The data is just a huge one dimensional tensor of integers. Let us split it in train and validation

In [7]:
# create the training/validation splits
n = int(0.9 * len(data))
data_train = data[:n]
data_val = data[n:]
print(f"{data_train.shape=}, {data_train.dtype=}")
print(f"{data_val.shape=}, {data_val.dtype=}")

data_train.shape=torch.Size([1888157]), data_train.dtype=torch.int64
data_val.shape=torch.Size([209796]), data_val.dtype=torch.int64


##### What is the input and what is the target?

- We consider sequences of data, for instance sentences. Usually it is called context length.
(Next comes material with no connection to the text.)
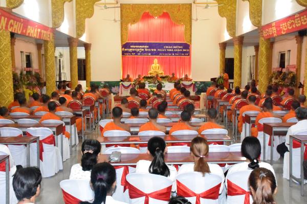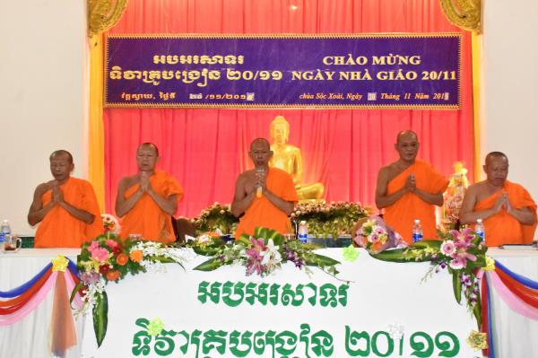 Cũng chính vì lẽ đó, chiều ngày 20/11/2019, trường Sơ Cấp Phật Học Pali – Kinh Luận Giới tỉnh Kiên Giang tại chùa Sóc Xoài, thị trấn Sóc Sơn, huyện Hòn Đất, tỉnh Kiên Giang đã trang nhiêm tổ chức lễ kỷ niệm ngày nhà giáo Việt Nam, buổi lễ diễn ra trong không khí ấm áp tình thầy trò.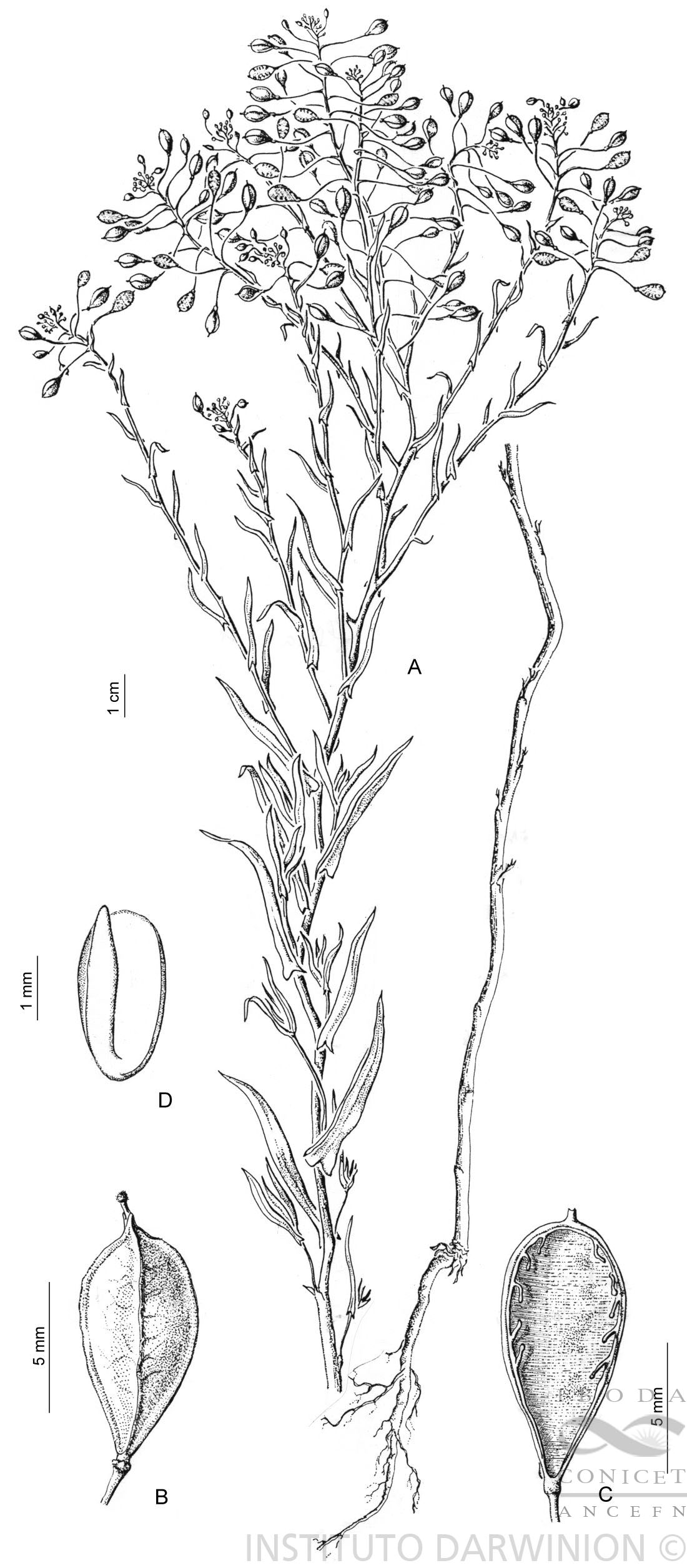 Hierbas anuales o bienales. Tallos de (12-)30-100(-130) cm de alto, simples o ramificados en la parte superior, glabros o escasamente pubescentes, con tricomas ramificados, pequeños, rara vez mezclados con otros pocos simples. Hojas basales a menudo marchitándose durante la antesis; hojas caulinares lanceoladas, estrechamente oblongas o linear-lanceoladas; hojas caulinares medias de (1-)2-7(-9) cm × 2-10(-15) mm, sagitadas o fuertemente auriculadas, ápice agudo, margen entero o rara vez algo denticulado, glabrescentes o escasamente pubescentes, con tricomas en su mayoria bífidos. Pedicelos fructíferos de (0,8-)1,2-2(-2,7) cm de largo, ascendentes. Sépalos de 2-3(-4) x 0,5-1 mm; pétalos amarillos, oblanceolados, de (3,5-)4- 6 × 1-1,5 mm; filamentos de 1,5-3 mm de largo; anteras ca. 0,5 mm de largo. Frutos piriformes o anchamente obovoides, de 7-9(-13) × 4- 5(-6) mm, a menudo subtruncados en el ápice; valvas prominentemente nervadas, margen angostamente alado; estilo de 1,2- 2,5 mm de largo. Semillas castaño oscuras, oblongoides, de (1,5-)1,8-2,5 × 0,7-1 mm. 2n = 40.

The maximum of this size is fixed before hand.
- Also, we pass the data in batches

The target will be: given one sequence of characters, the next character will be the target

In [8]:
# get a batch of data. 
torch.manual_seed(1234)

def get_batch(split : str, batch_size : str, block_size : str): # the input will be then a 4x8 tensor
    dat = data_train if split == "train" else data_val
    ix = torch.randint(0, dat.shape[0] - block_size, (batch_size,)) # create 4 random indeces
    x =  torch.stack([dat[i:i+block_size] for i in ix])
    y =  torch.stack([dat[i+1:i+block_size+1] for i in ix]) # It is shifted to the right
    return x, y


batch_size = 4 # how many sequencies (randomly generated) will fill the transformer at once
block_size = 8 # the maximum context lenght for predictions
xb, yb = get_batch('train', batch_size=batch_size, block_size=block_size)
print(xb.shape, yb.shape)
print(xb, "\n", yb)

for b in range(batch_size): # batch dimension
    for t in range(block_size): # time dimension
        context = xb[b, :t+1]
        target = yb[b, t]
        print(f"When the input is {context.tolist()} the target is {target}")
    break

# This effectevely contains a set of 8*4 independent examples.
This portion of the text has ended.